# Need Vectorworks of Proscenium Space



## TupeloTechie (Jan 17, 2009)

I am playing around with vectorworks trying to learn some things and I am not in the position to draw out a theatre right now. I am asking if anybody has the vectorworks compatible plans for a medium sized proscenium space that they could please share with me. Also any pictures of what this space looks like in real life would be very helpful. Thanks!


----------



## Footer (Jan 17, 2009)

2d or 3d?


----------



## museav (Jan 17, 2009)

Just make sure that it is not copyrighted material. I know that for many of my projects the Owner maintains rights to use any drawings to support the systems and facility, but not necessarily for other use. After several situations where Architects were very touchy about this, I don't even provide architectural backgrounds to the Contractor on my projects, I either have them get them direct from the Architect or get permission for me to distribute them.


----------



## TupeloTechie (Jan 17, 2009)

I am wanting to play around with doing a plot and a section, so I assume I would need 3d to do the section?
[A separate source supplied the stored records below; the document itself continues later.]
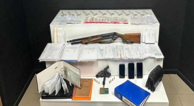 Şüphelilerin ikamet ve üzerlerinde yapılan aramalarda 1 adet ruhsatsız tabanca, 1 adet ruhsatsız av tüfeği, 38 adet fişek, 1 adet laptop, 1 adet bilgisayar kasası, borçlu şahıslara ait bilgilerin yer aldığı 2 adet ajanda ve alacak-verecek listeleri, borçlu şahıslara ait rehin evrakları, tapu evrakları, satış sözleşmeleri ile çok sayıda çek, çek koçanı ve senet ele geçirildi.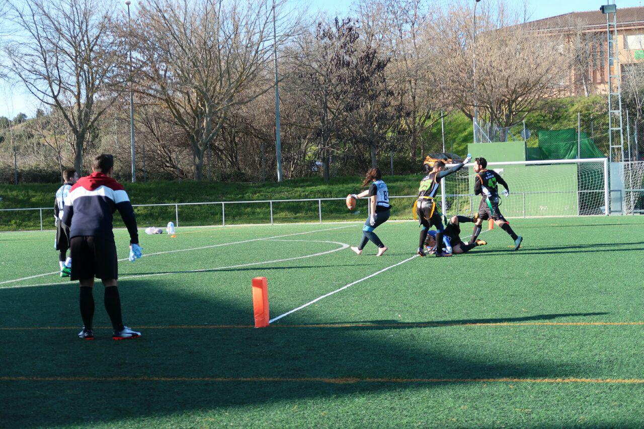 Aún así, “Fory“, Mireia, Alex, Juanjo y Víctor mantuvieron la compostura en defensa como pudieron y solo permitieron al ataque explosivo de Ducks dos anotaciones en cada parte, finalizando el encuentro 26-2 en contra. Los dos puntos los consiguió Juanjo como blitzer, alcanzando a Víctor Martín, el QB de Ducks, y realizando sack dentro de la endzone, lo que se convierte en un safety.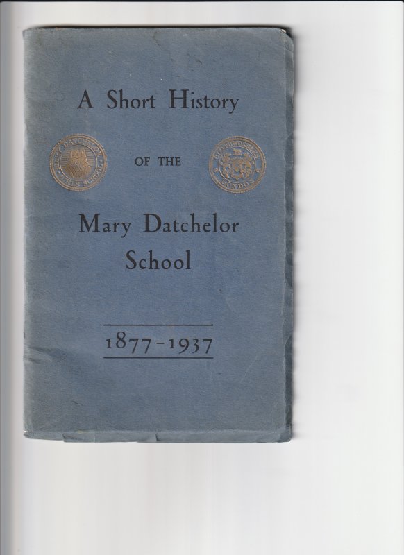 A SHORT HISTORY OF THE MARY DATCHELOR SCHOOL 1877 - 1937.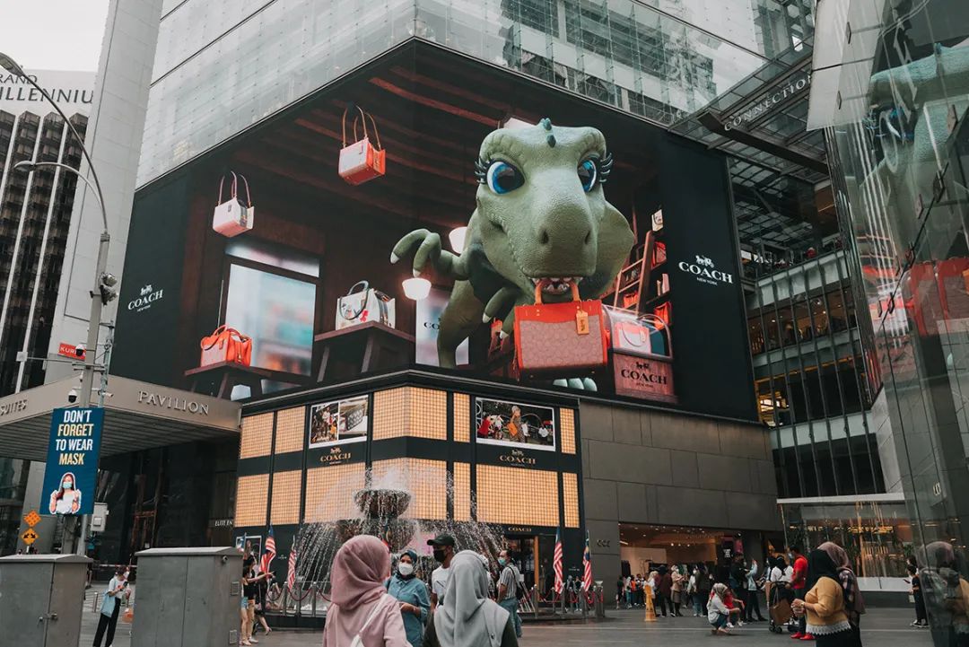 画面中COACH Rexy 恐龙实在是可爱到不行,它在吉隆坡 Pavilion 广场户外巨型屏幕橱窗跳出来!信步渡进放满 Coach 经典美包的房间内踱步,口中叼着 Rogue 经典美包,淘气地冲着大家眨眼,兴奋得左看右看,一幅心满意足后,朝楼下走下去。萌趣模样让人直呼太可爱了!

I just started using vectorworks.


----------



## SteveB (Jan 18, 2009)

TupeloTechie said:


> I am wanting to play around with doing a plot and a section, so I assume I would need 3d to do the section? I just started using vectorworks.



We have a VW 11 ground plan - non-3d, on our website available for download.

Brooklyn Center for the Performing Arts - Upper right on page - Tech, then Tech Downloads - Whitman Theater Ground Plan

SB


----------